- **GIVEN DATA**:
- - - - -
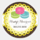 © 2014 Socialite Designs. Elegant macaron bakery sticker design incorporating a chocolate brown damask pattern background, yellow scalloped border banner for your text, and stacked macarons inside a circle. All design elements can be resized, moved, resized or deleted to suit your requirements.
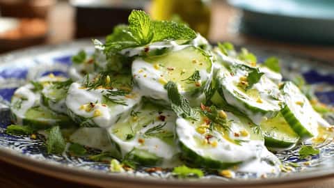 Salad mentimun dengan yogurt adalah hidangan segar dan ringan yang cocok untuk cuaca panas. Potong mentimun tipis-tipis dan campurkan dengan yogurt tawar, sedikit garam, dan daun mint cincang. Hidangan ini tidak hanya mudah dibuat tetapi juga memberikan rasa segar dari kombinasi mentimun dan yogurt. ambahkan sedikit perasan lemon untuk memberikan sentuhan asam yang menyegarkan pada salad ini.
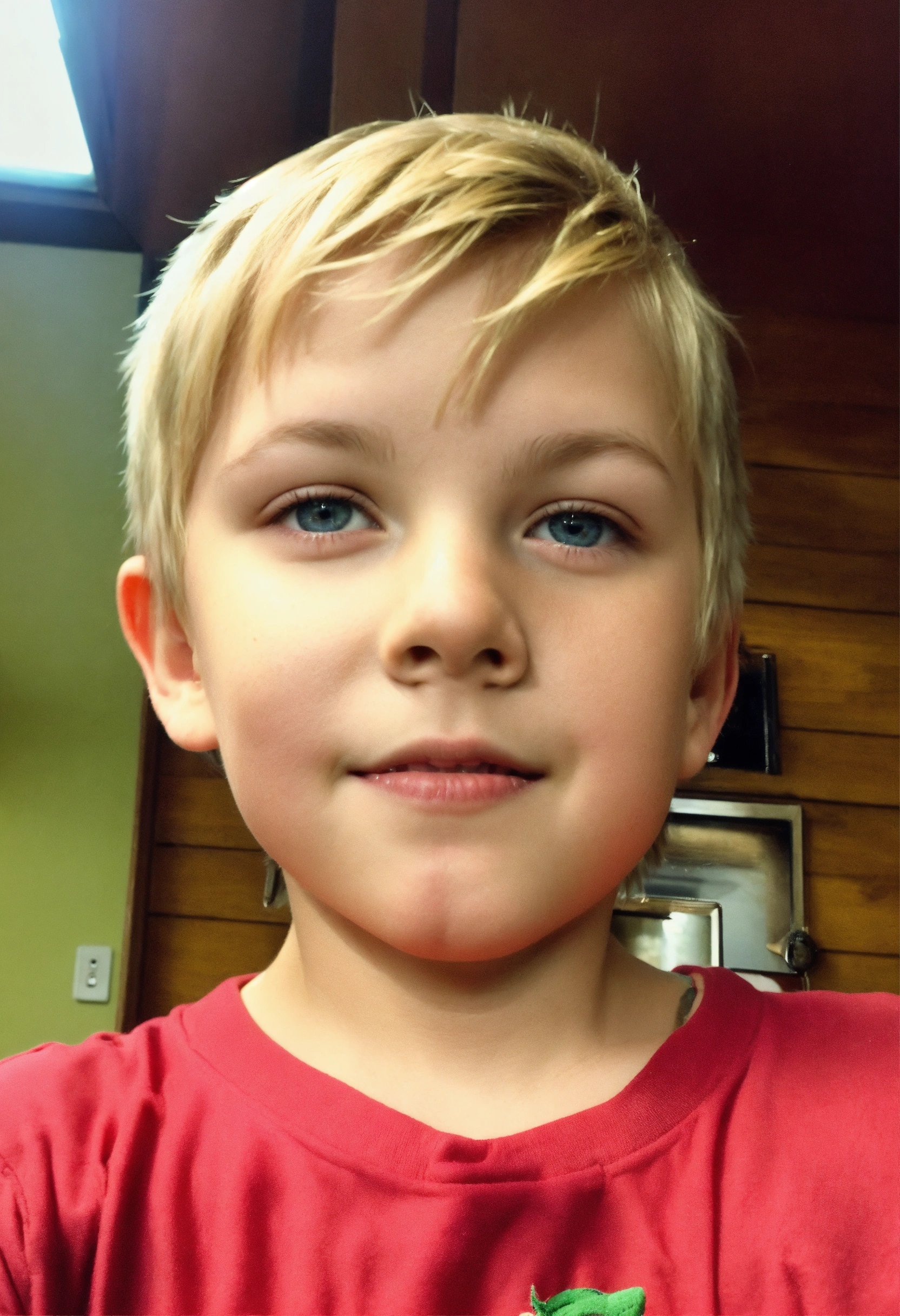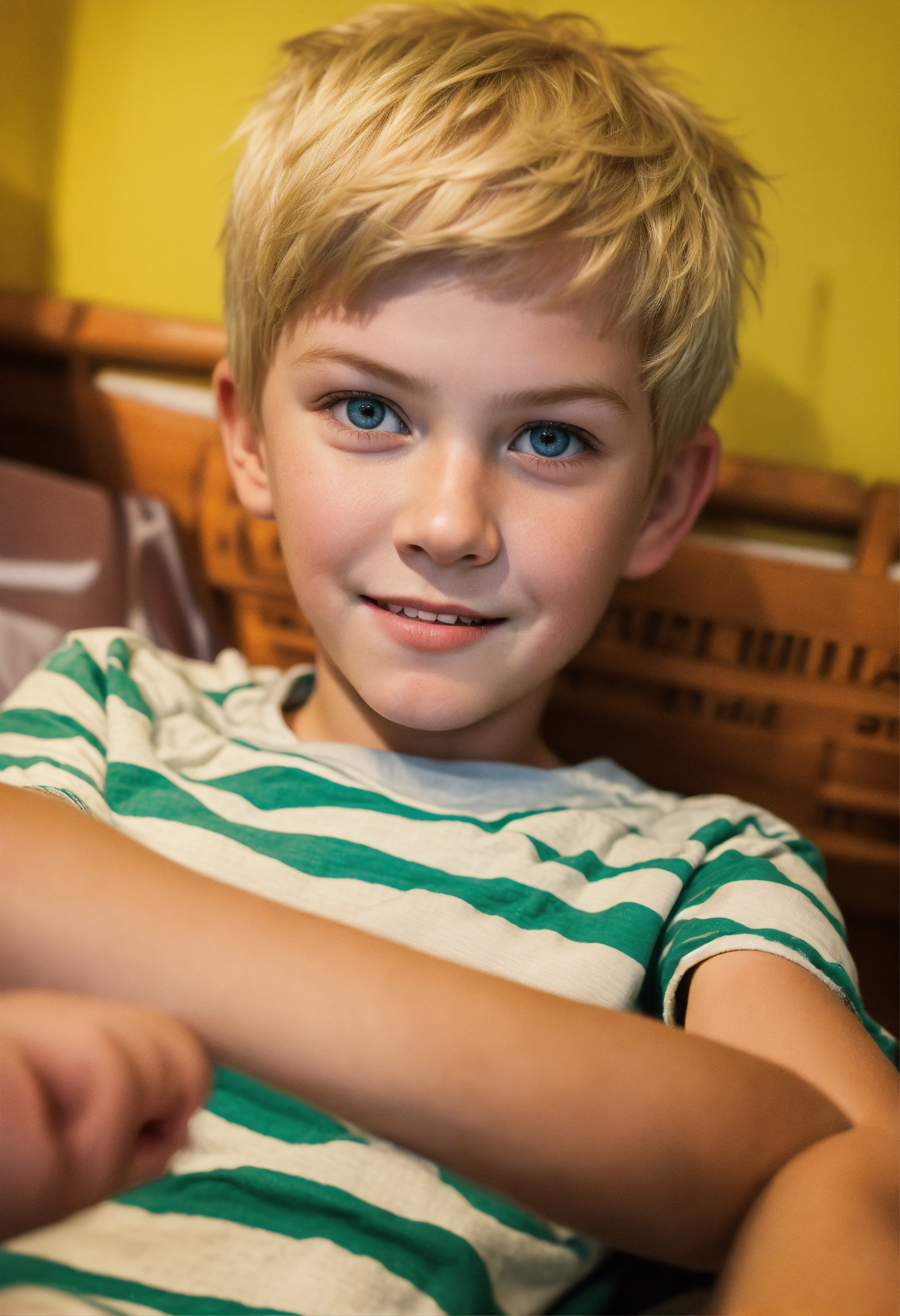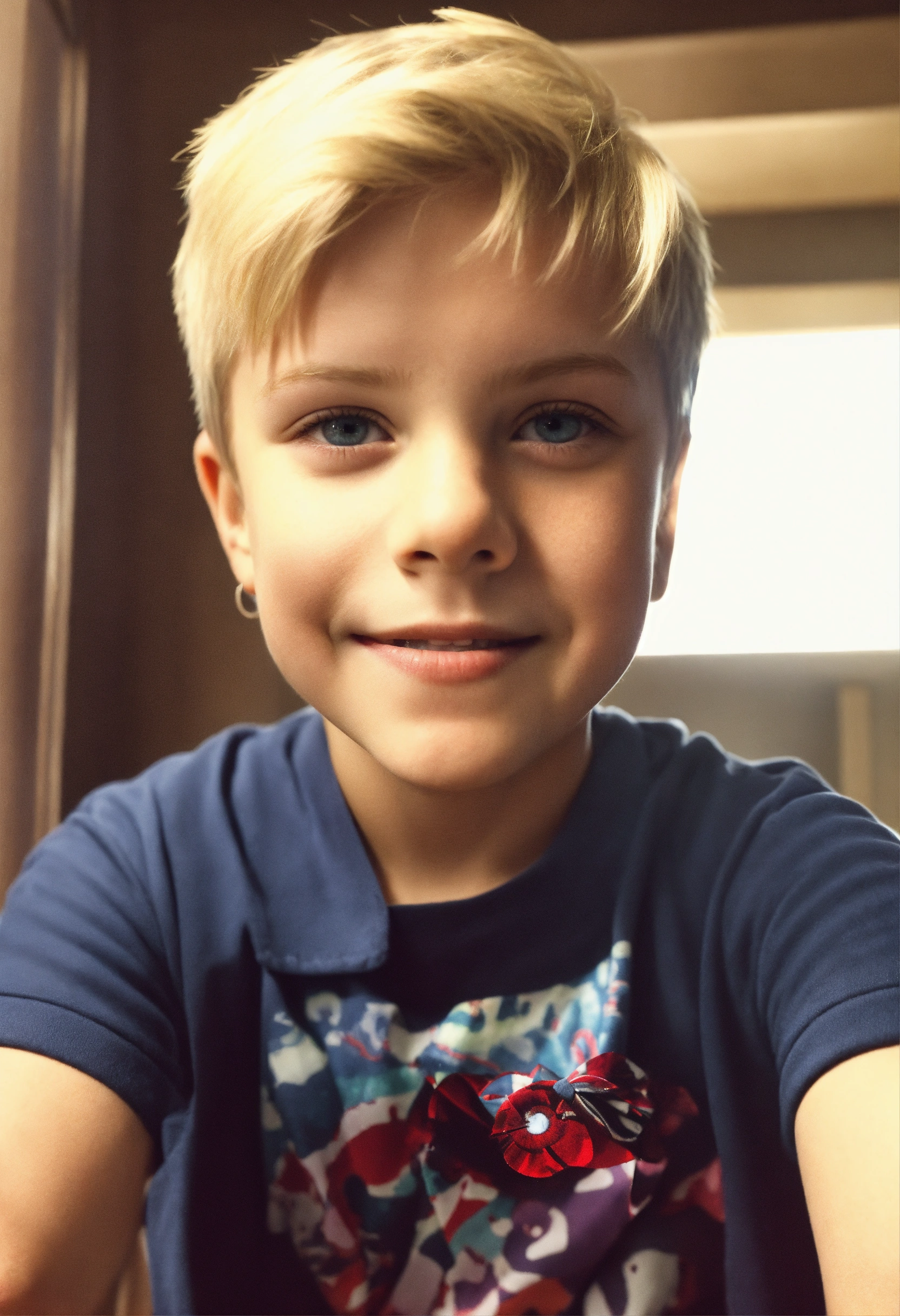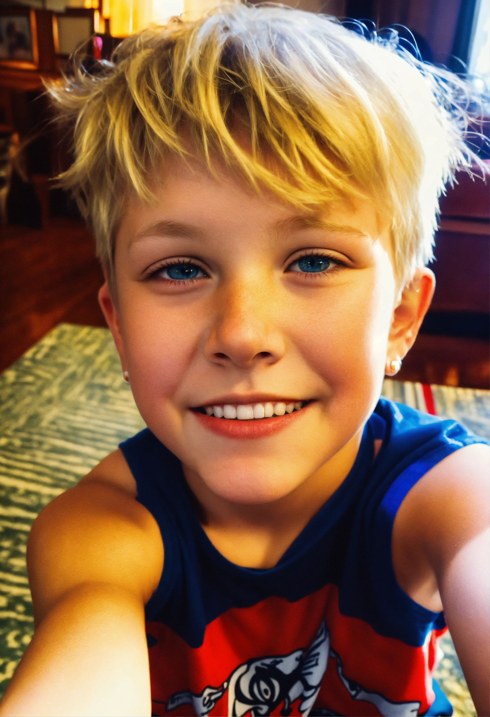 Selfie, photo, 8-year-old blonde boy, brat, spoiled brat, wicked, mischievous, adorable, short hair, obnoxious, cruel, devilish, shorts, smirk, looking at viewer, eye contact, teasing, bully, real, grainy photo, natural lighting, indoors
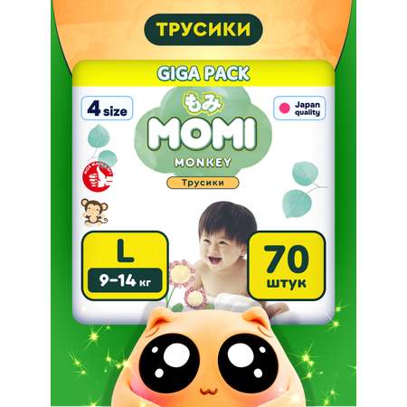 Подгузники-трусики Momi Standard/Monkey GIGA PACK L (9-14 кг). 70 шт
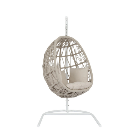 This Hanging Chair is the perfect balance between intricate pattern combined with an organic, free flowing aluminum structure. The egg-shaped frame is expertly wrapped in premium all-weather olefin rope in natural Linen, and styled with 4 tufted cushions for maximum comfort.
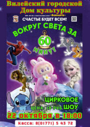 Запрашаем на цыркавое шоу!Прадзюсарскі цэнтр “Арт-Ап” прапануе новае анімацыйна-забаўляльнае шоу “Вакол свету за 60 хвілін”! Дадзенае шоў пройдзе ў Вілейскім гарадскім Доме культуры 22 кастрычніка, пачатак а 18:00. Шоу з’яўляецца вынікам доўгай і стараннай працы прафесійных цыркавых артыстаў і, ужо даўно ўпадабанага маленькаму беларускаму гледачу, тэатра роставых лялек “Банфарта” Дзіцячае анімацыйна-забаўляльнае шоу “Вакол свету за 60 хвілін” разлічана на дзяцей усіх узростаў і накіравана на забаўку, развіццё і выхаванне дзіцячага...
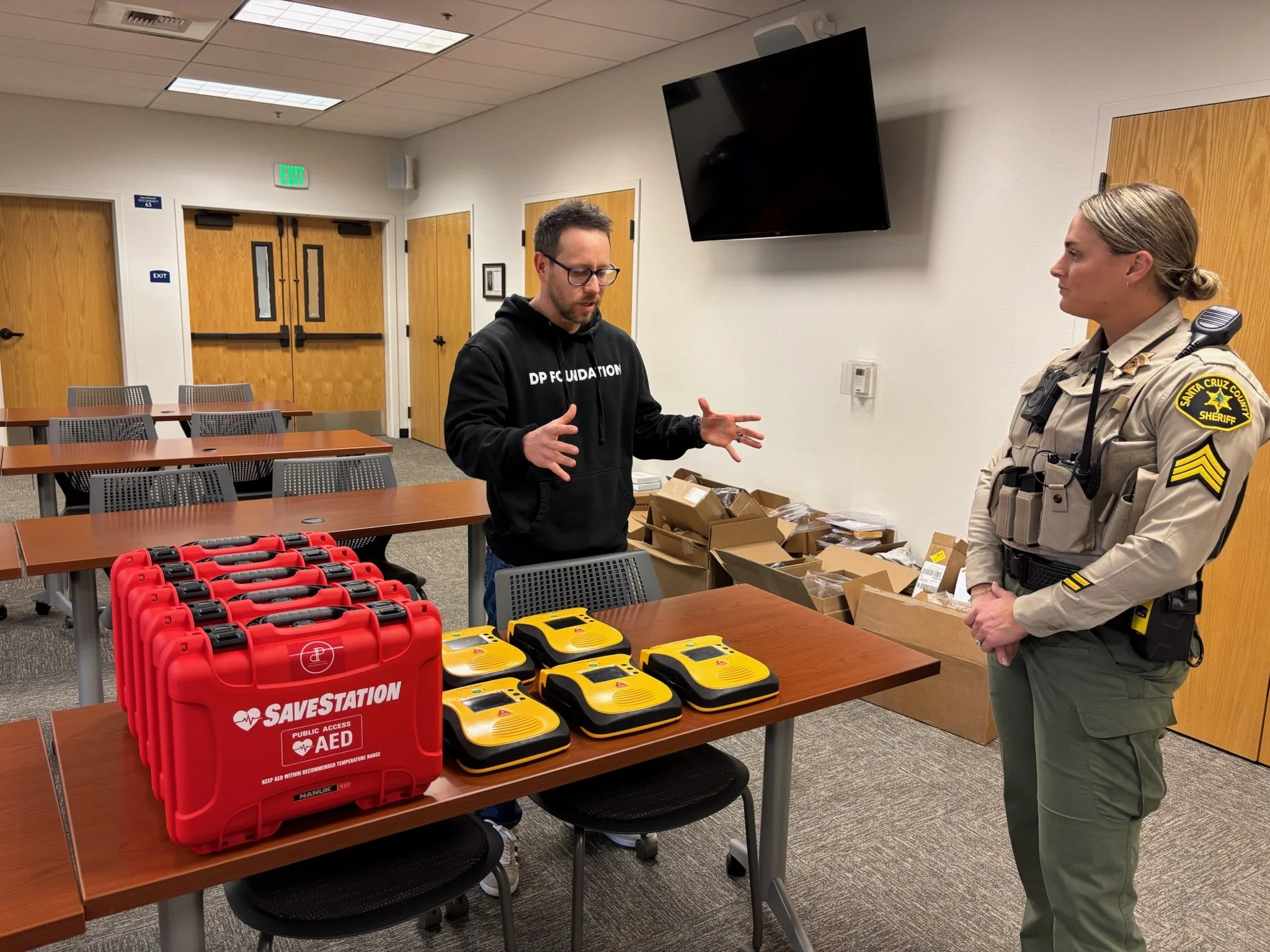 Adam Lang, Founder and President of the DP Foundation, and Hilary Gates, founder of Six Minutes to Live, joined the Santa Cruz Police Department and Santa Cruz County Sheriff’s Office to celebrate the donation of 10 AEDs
- - - - -
- **WHAT YOU WILL DO**: Restate all of the material word for word, leaving every picture out.

- **COMPLETED EXERCISE**:
 © 2014 Socialite Designs. Elegant macaron bakery sticker design incorporating a chocolate brown damask pattern background, yellow scalloped border banner for your text, and stacked macarons inside a circle. All design elements can be resized, moved, resized or deleted to suit your requirements.
 Salad mentimun dengan yogurt adalah hidangan segar dan ringan yang cocok untuk cuaca panas. Potong mentimun tipis-tipis dan campurkan dengan yogurt tawar, sedikit garam, dan daun mint cincang. Hidangan ini tidak hanya mudah dibuat tetapi juga memberikan rasa segar dari kombinasi mentimun dan yogurt. ambahkan sedikit perasan lemon untuk memberikan sentuhan asam yang menyegarkan pada salad ini.
 Selfie, photo, 8-year-old blonde boy, brat, spoiled brat, wicked, mischievous, adorable, short hair, obnoxious, cruel, devilish, shorts, smirk, looking at viewer, eye contact, teasing, bully, real, grainy photo, natural lighting, indoors
 Подгузники-трусики Momi Standard/Monkey GIGA PACK L (9-14 кг). 70 шт
 This Hanging Chair is the perfect balance between intricate pattern combined with an organic, free flowing aluminum structure. The egg-shaped frame is expertly wrapped in premium all-weather olefin rope in natural Linen, and styled with 4 tufted cushions for maximum comfort.
 Запрашаем на цыркавое шоу!Прадзюсарскі цэнтр “Арт-Ап” прапануе новае анімацыйна-забаўляльнае шоу “Вакол свету за 60 хвілін”! Дадзенае шоў пройдзе ў Вілейскім гарадскім Доме культуры 22 кастрычніка, пачатак а 18:00. Шоу з’яўляецца вынікам доўгай і стараннай працы прафесійных цыркавых артыстаў і, ужо даўно ўпадабанага маленькаму беларускаму гледачу, тэатра роставых лялек “Банфарта” Дзіцячае анімацыйна-забаўляльнае шоу “Вакол свету за 60 хвілін” разлічана на дзяцей усіх узростаў і накіравана на забаўку, развіццё і выхаванне дзіцячага...
 Adam Lang, Founder and President of the DP Foundation, and Hilary Gates, founder of Six Minutes to Live, joined the Santa Cruz Police Department and Santa Cruz County Sheriff’s Office to celebrate the donation of 10 AEDs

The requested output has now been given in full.